(Stored items from a collection)

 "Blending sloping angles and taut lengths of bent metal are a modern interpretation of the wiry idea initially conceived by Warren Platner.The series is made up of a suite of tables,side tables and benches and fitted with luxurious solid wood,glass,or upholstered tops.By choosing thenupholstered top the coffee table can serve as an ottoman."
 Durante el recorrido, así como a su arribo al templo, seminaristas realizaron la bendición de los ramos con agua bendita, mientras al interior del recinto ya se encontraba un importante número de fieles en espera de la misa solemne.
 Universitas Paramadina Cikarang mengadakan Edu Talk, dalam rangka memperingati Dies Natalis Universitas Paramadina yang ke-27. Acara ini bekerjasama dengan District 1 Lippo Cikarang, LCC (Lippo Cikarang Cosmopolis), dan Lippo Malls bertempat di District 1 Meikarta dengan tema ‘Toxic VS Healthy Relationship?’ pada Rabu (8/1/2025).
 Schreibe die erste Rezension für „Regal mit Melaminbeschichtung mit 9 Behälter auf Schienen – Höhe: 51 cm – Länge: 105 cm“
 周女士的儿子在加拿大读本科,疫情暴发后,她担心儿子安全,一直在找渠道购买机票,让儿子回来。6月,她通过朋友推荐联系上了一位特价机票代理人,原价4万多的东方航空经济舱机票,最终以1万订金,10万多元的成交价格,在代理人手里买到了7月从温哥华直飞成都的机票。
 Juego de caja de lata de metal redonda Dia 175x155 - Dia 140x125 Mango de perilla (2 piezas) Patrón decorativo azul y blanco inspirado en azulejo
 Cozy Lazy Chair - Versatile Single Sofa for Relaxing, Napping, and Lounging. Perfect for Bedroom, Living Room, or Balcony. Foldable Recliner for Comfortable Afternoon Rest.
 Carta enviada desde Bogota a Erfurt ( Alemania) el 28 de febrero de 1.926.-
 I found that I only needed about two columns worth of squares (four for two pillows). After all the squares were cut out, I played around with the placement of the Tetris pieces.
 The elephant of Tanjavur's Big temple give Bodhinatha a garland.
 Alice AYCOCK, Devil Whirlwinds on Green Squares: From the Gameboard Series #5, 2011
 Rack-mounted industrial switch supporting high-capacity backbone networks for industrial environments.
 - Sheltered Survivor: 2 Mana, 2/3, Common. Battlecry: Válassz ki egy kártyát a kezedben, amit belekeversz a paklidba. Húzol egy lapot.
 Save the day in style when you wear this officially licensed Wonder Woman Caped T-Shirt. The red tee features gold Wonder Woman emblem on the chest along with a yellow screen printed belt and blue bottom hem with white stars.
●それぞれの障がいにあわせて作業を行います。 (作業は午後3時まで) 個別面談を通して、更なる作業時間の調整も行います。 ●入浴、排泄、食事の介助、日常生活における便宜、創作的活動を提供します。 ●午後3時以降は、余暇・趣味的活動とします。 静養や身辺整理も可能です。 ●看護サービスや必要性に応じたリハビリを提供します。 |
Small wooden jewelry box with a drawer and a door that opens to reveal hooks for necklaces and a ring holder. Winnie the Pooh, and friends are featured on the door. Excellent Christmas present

Exercise goal » Please provide an exact transcription of each line from the one holding "Rack-mounted industrial switch" through the final line of the data above.

Problem solution »
 Rack-mounted industrial switch supporting high-capacity backbone networks for industrial environments.
 - Sheltered Survivor: 2 Mana, 2/3, Common. Battlecry: Válassz ki egy kártyát a kezedben, amit belekeversz a paklidba. Húzol egy lapot.
 Save the day in style when you wear this officially licensed Wonder Woman Caped T-Shirt. The red tee features gold Wonder Woman emblem on the chest along with a yellow screen printed belt and blue bottom hem with white stars.
●それぞれの障がいにあわせて作業を行います。 (作業は午後3時まで) 個別面談を通して、更なる作業時間の調整も行います。 ●入浴、排泄、食事の介助、日常生活における便宜、創作的活動を提供します。 ●午後3時以降は、余暇・趣味的活動とします。 静養や身辺整理も可能です。 ●看護サービスや必要性に応じたリハビリを提供します。 |
Small wooden jewelry box with a drawer and a door that opens to reveal hooks for necklaces and a ring holder. Winnie the Pooh, and friends are featured on the door. Excellent Christmas present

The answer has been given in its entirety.